-- THE DATA --
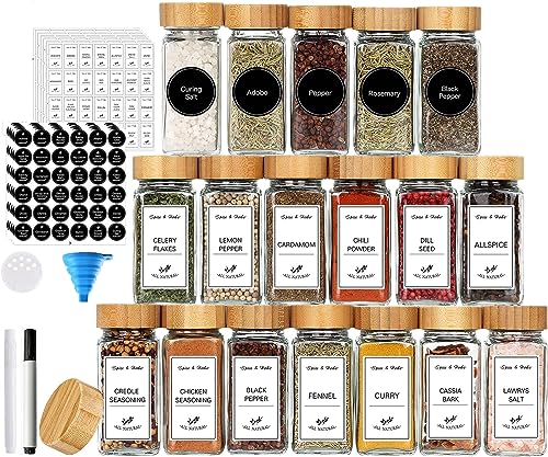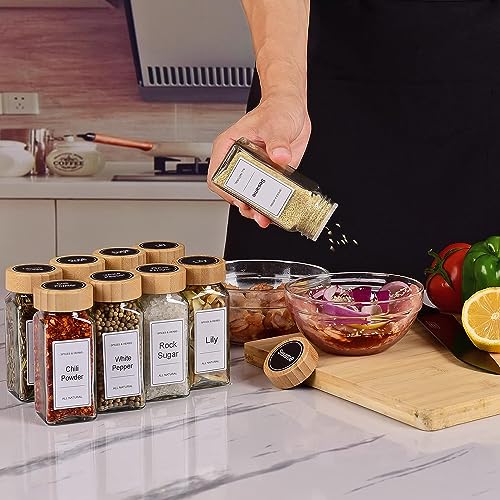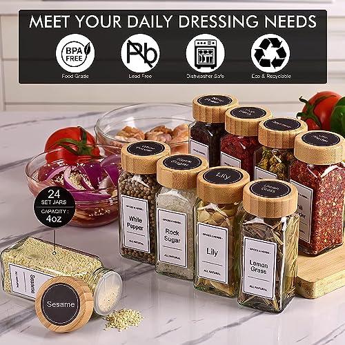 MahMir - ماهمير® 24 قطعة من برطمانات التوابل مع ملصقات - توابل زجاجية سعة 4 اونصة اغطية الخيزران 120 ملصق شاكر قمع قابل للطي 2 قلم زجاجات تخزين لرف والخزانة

...

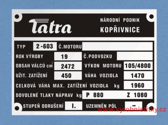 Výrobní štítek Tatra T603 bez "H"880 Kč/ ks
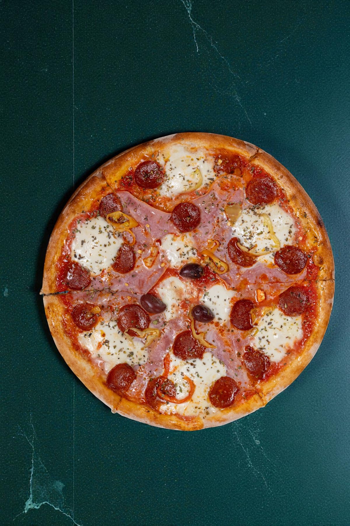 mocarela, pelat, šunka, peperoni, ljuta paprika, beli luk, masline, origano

-- WHAT THE TASK ASKS --
Set the pictures aside and retype exactly the lines above from the line with "Výrobní štítek Tatra" to the line with "mocarela, pelat, šunka, peperoni, ljuta", both included, adding no others.

-- THE ANSWER --
 Výrobní štítek Tatra T603 bez "H"880 Kč/ ks
 mocarela, pelat, šunka, peperoni, ljuta paprika, beli luk, masline, origano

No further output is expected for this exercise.